After some fruitless efforts, I succeeded at last; but the apprehension of the jeopardy in which I believed myself withstood all the attacks of sleep till towards the morning watch, when, in spite of my fears, I was overpowered with slumber, though I did not long enjoy this comfortable situation, being aroused with a noise so loud and shrill, that I thought the drums of my ears were burst by it; this was followed by a dreadful summons pronounced by a hoarse voice, which I could not understand. While I was debating with myself, whether or not I should wake my companion and inquire into the occasion of this disturbance, I was informed by one of the quartermasters who passed by me with a lantern in his hand, that the noise which alarmed me was occasioned by the boatswain’s mates who called up the larboard watch, and that I must lay my account with such an interruption every morning at the same hour. Being now more assured of my safety, I undressed myself again to rest, and slept till eight o’clock, when rising, and breakfasting with my comrades on biscuit and brandy, the sick were visited and assisted as before; after which visitation my good friend Thompson explained and performed another piece of duty, to which I was a stranger.

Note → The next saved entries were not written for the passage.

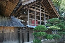 後方の本殿は覆屋根の下にあり、流造のようだ。
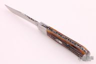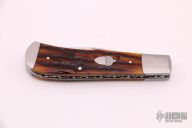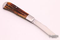 This Single Blade Trapper by Don Morrow features a hand rub satin finished recurve blade with nail nick and fileworked spine. Blade has half stop, flush in all positions. The handle has mirror polished stainless steel dovetailed bolsters, jigged bone covers, stainless fileworked liners and spring, has an engraved acorn stainless steel escutcheon. Excellent condition. Comes with a zippered case.
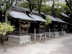 参道左猿田彦大神 猿田彦大神 ![]() | 本殿左に並ぶ末社、手前から順に 菅原神社、人丸神社 志賀神社、船玉神社 ![]() |
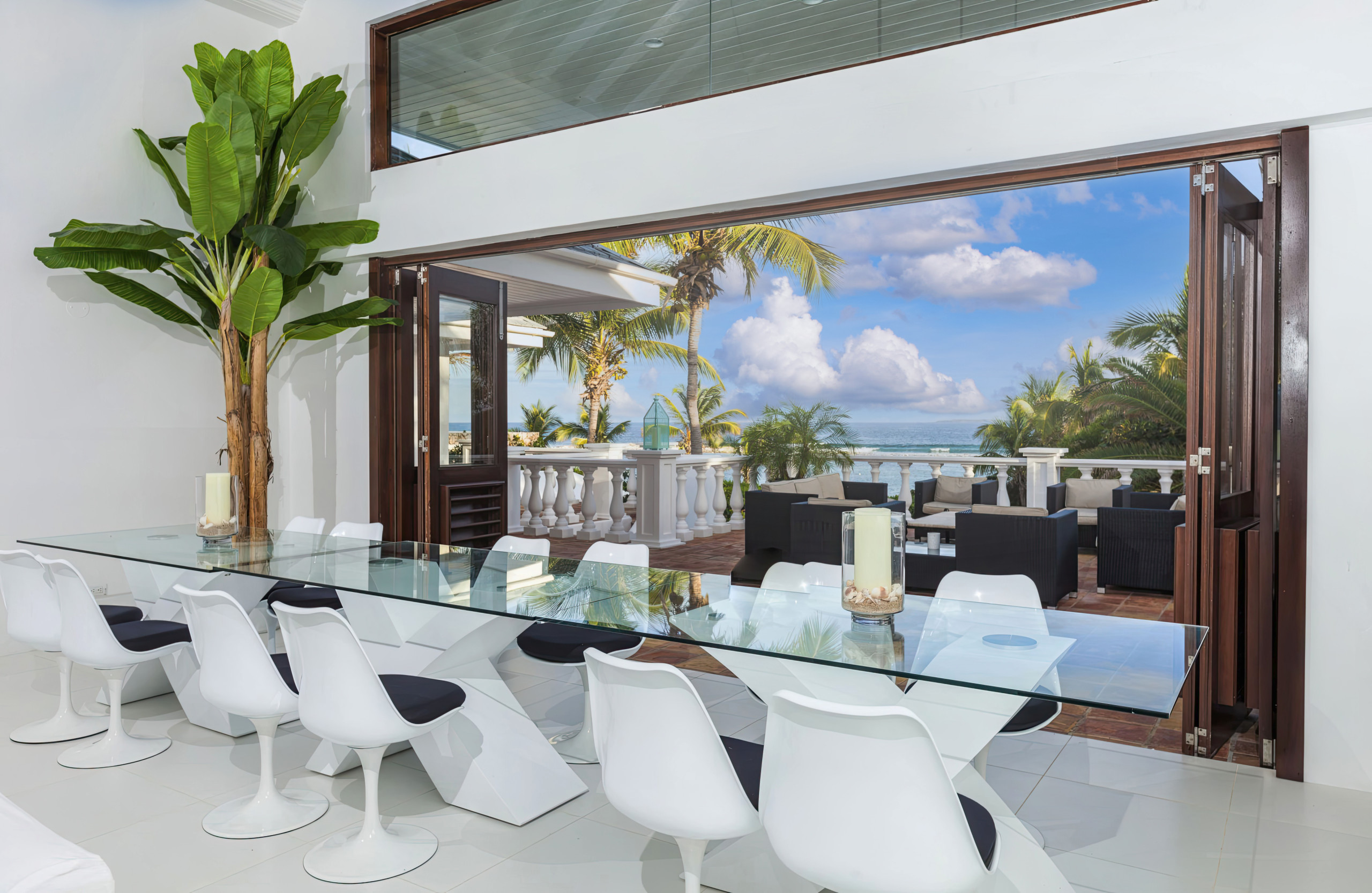 The villa’s outdoor spaces are equally breathtaking, with tranquil water gardens, multiple terraces, and private beach access offering the perfect balance of seclusion and beauty. Expansive decks and pools provide ideal venues for both intimate moments and grand events.
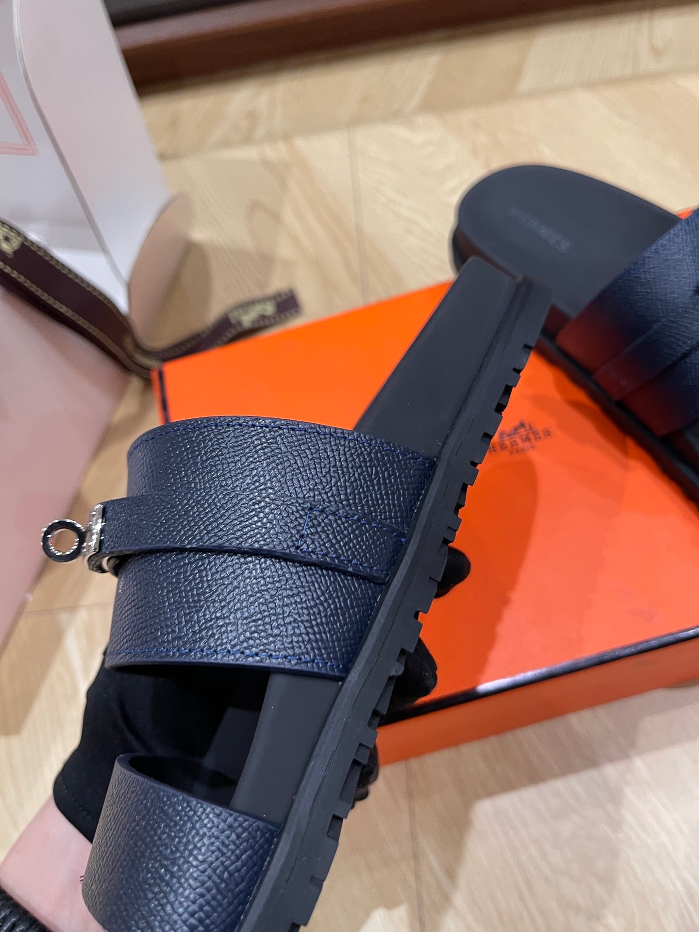 HM 25 Jackson Sandal Dark Blue Grained Calfskin
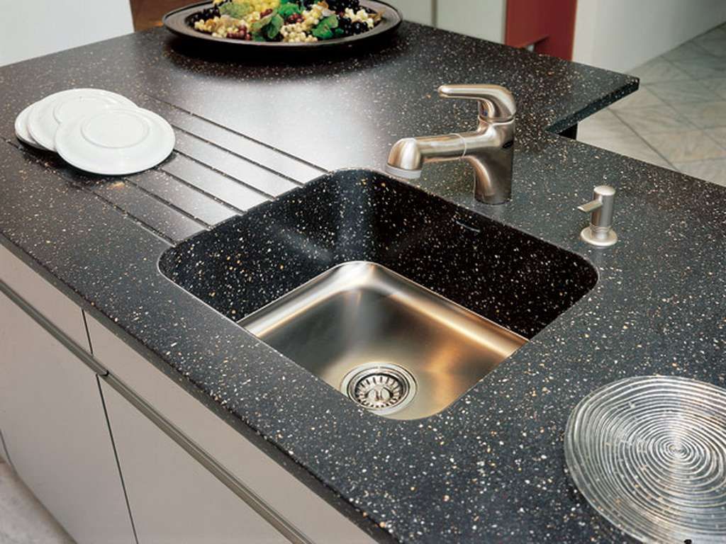 Сочетание эстетики и практичности. К важным преимуществам моек с металлическим дном можно отнести то, что они без видимых швов интегрируются с поверхностью столешницы, изготовленной из того же оттенка камня, что и боковины мойки. А в случае, если рисунок искусственного камня содержит прожилки и разводы, лучше заказать клееную мойку с металлическим дном, чтобы минимизировать риск неэстетичного "преломления" рисунка при подклейке "каменного" дна к бортам мойки.
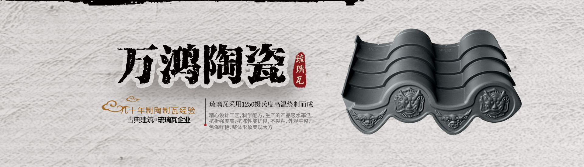 宜興市萬(wàn)鴻陶瓷有限公司是國(guó)內(nèi)生產(chǎn)古建琉璃瓦企業(yè),也是宜興市琉璃瓦行業(yè)龍頭骨干企業(yè)。琉璃瓦采用1250攝氏度高溫?zé)贫?,公司座落?jīng)濟(jì)發(fā)達(dá)的宜興市丁山鎮(zhèn),臨近寧杭高速公路、新長(zhǎng)鐵路、錫宜高速和104國(guó)道,交通十分便利?! ∪f(wàn)鴻陶瓷擁有幾十...
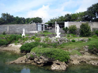 ビーチには謎のツイン銅像と、何やら同窓会モードのモニュメントがあった。
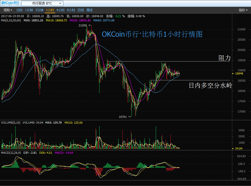按照國(guó)內(nèi)知名數(shù)字資產(chǎn)交易平臺(tái)OKCoin幣行數(shù)據(jù)顯示,周末兩天比特幣走勢(shì)并未出現(xiàn)大的顛簸,昨天價(jià)格全天呈現(xiàn)弱勢(shì)震蕩格局,開(kāi)市后在 19300 高位區(qū)短暫整理后震蕩下行,基本在18600- 19400 區(qū)間內(nèi)小幅震蕩。 19 日凌晨,比特幣開(kāi)盤價(jià)格18982,基本平開(kāi)。截至上午 10 點(diǎn)擺布,在 18800 一線浮動(dòng)。

At a certain hour in the morning, the boy of the mess went round all the decks, ringing a small hand-bell, and, in rhymes composed for the occasion, invited all those who had sores to repair before the mast, where one of the doctor’s mates attended, with applications to dress them.

CHAPTER XXVII

I acquire the friendship of the Surgeon, who procures a warrant for me, and makes me a present of clothes–a battle between a Midshipman and me–the Surgeon leaves the ship–the Captain comes on board with another Surgeon–a dialogue between the Captain and Morgan–the sick are ordered to be brought upon the Quarter-deck and examined–the consequences of that order–a Madman accuses Morgan, and is set at liberty by command of the Captain, whom he instantly attacks, and pummels without mercy

While I was busied with my friend in the practice. The doctor chanced to pass by the place where we were, and stopping to observe me appeared very well satisfied with my application; and afterwards sent for me to his cabin, where, having examined me touching my skill in surgery, and the particulars of my fortune, he interested himself so far in my behalf, as to promise his assistance in procuring a warrant for me, seeing I had already been found qualified at Surgeons’ Hall for the station I filled on board; and in this good office he the more cordially engaged when he understood I was nephew to lieutenant Bowling, for whom he expressed a particular regard. In the meantime, I could learn from his discourse that he did not intend to go to sea again with Captain Oakum, having, as he thought, been indifferently used by him during the last voyage.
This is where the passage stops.